— Work instructions —
Everything in the data gets repeated exactly, except for the pictures.

— Information shown —
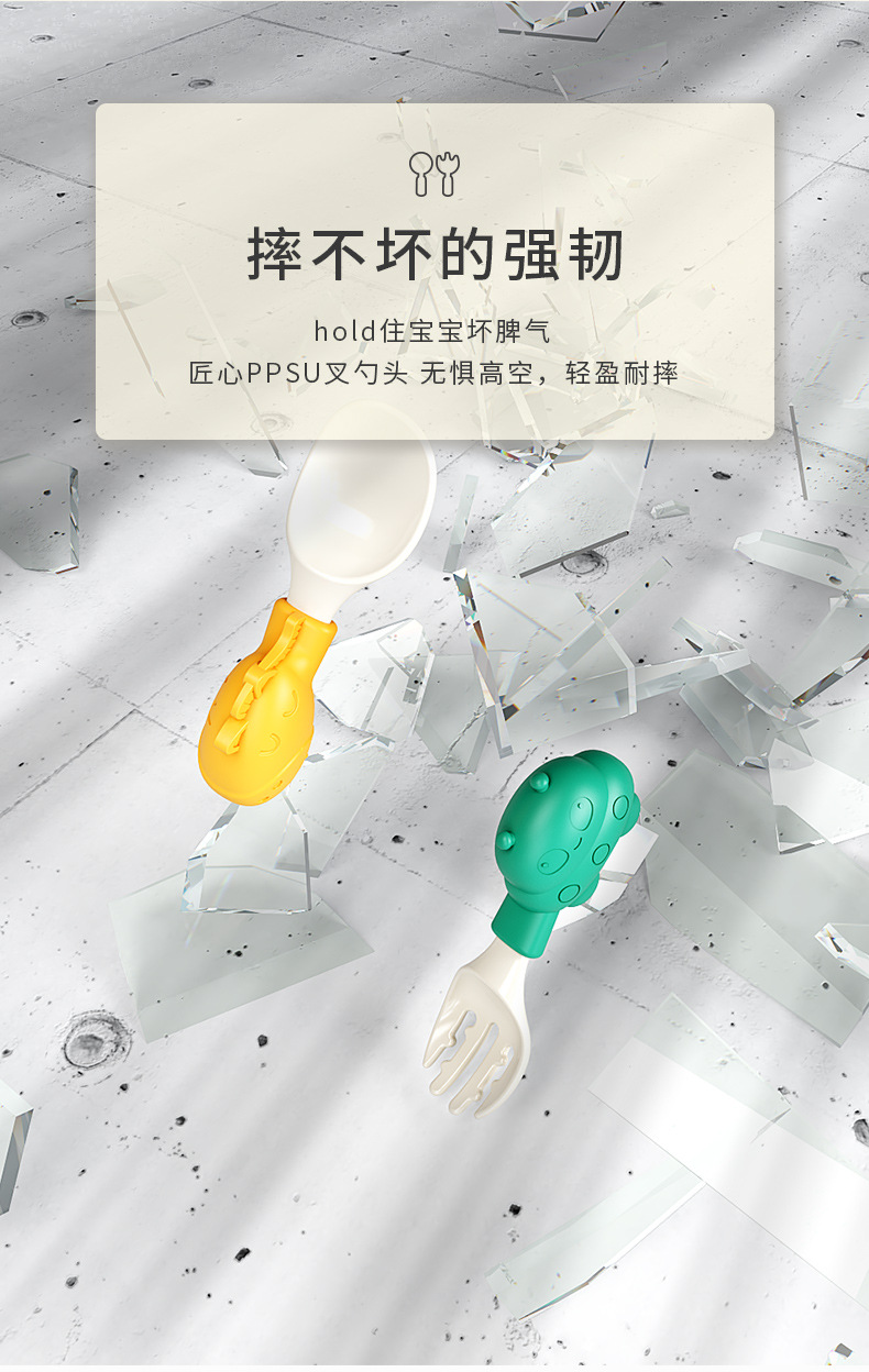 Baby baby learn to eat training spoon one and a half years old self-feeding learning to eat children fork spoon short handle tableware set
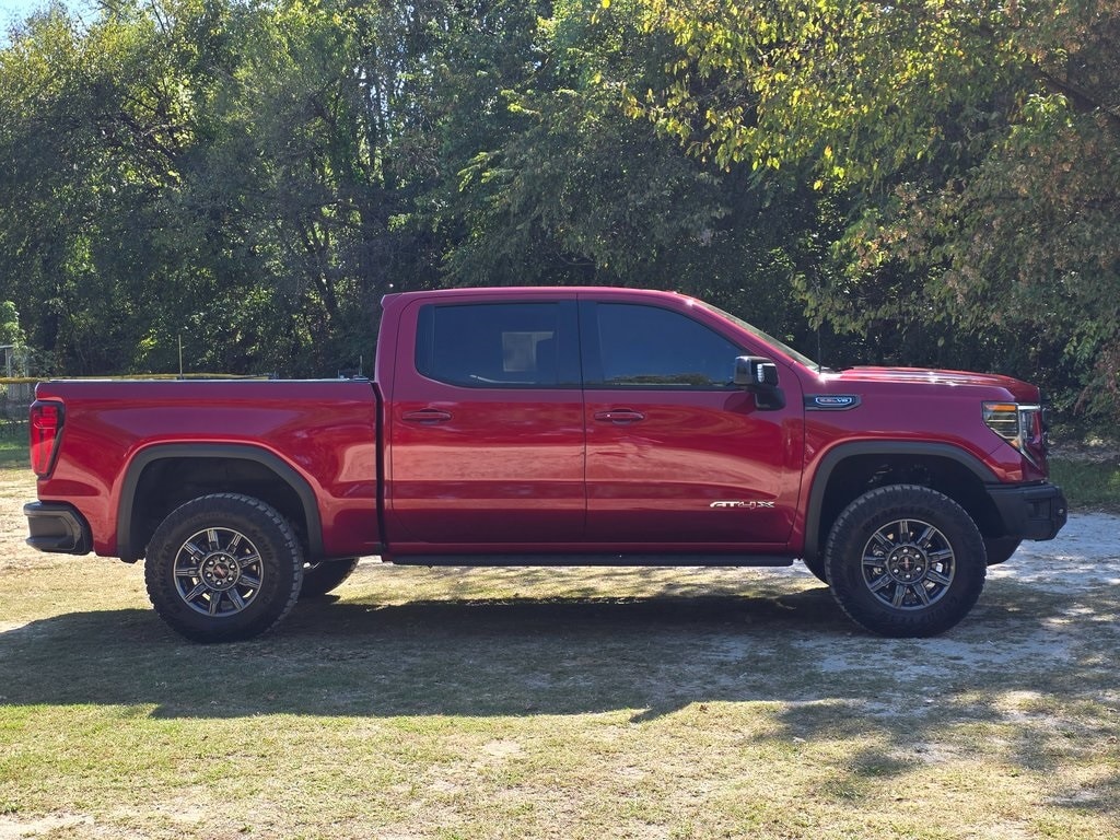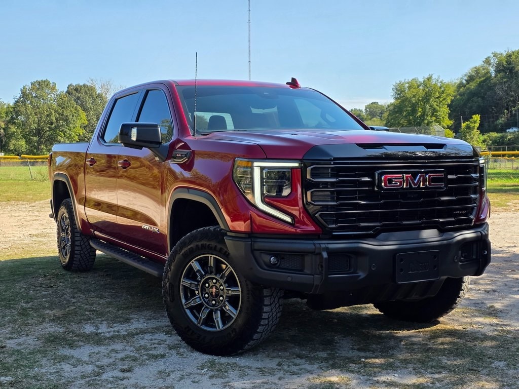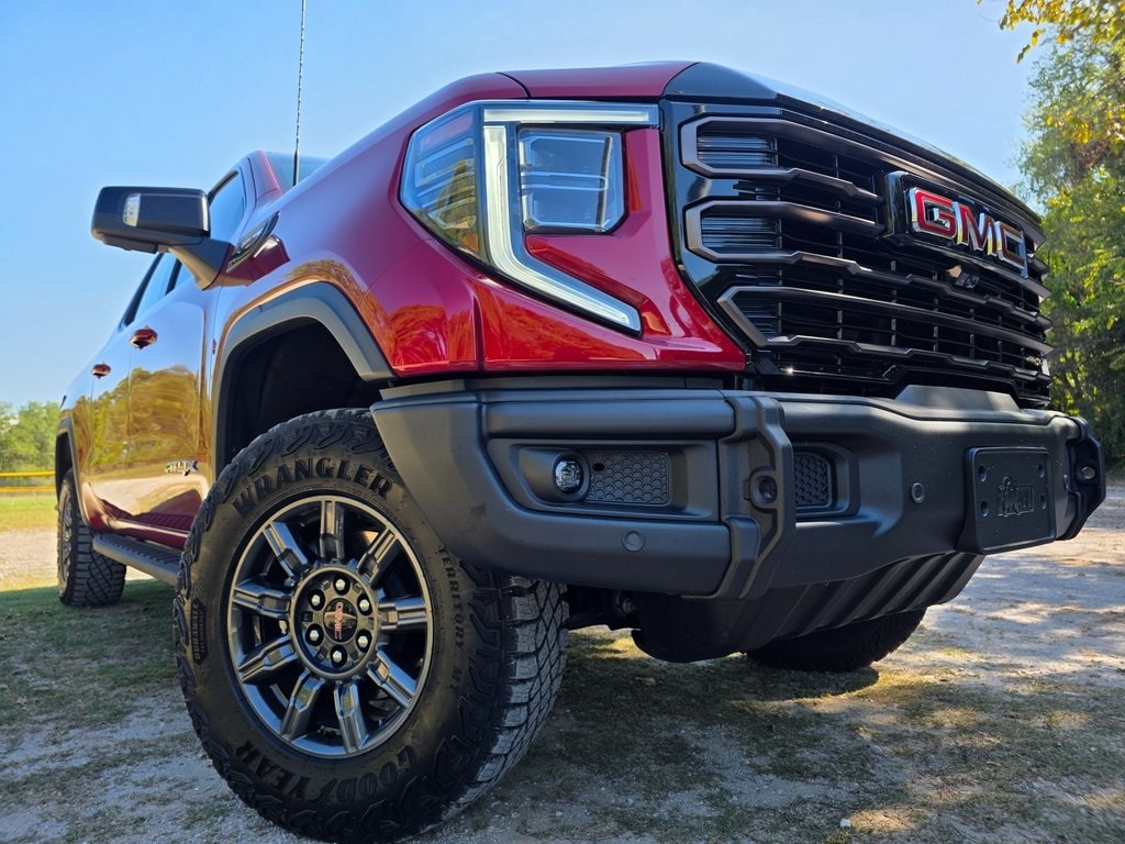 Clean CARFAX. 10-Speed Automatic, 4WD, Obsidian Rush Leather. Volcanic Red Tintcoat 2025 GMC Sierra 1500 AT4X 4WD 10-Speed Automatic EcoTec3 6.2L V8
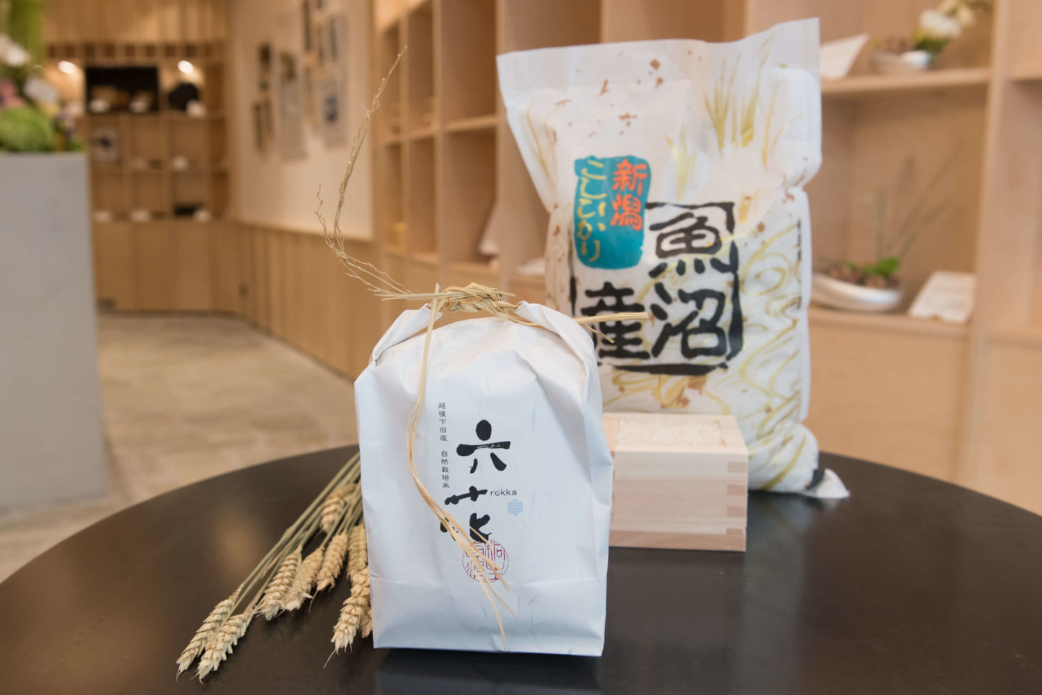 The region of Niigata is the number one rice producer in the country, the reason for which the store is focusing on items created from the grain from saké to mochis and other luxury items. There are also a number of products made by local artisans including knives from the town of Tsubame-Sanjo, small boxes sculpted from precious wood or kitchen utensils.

— Exercise response —
 Baby baby learn to eat training spoon one and a half years old self-feeding learning to eat children fork spoon short handle tableware set
 Clean CARFAX. 10-Speed Automatic, 4WD, Obsidian Rush Leather. Volcanic Red Tintcoat 2025 GMC Sierra 1500 AT4X 4WD 10-Speed Automatic EcoTec3 6.2L V8
 The region of Niigata is the number one rice producer in the country, the reason for which the store is focusing on items created from the grain from saké to mochis and other luxury items. There are also a number of products made by local artisans including knives from the town of Tsubame-Sanjo, small boxes sculpted from precious wood or kitchen utensils.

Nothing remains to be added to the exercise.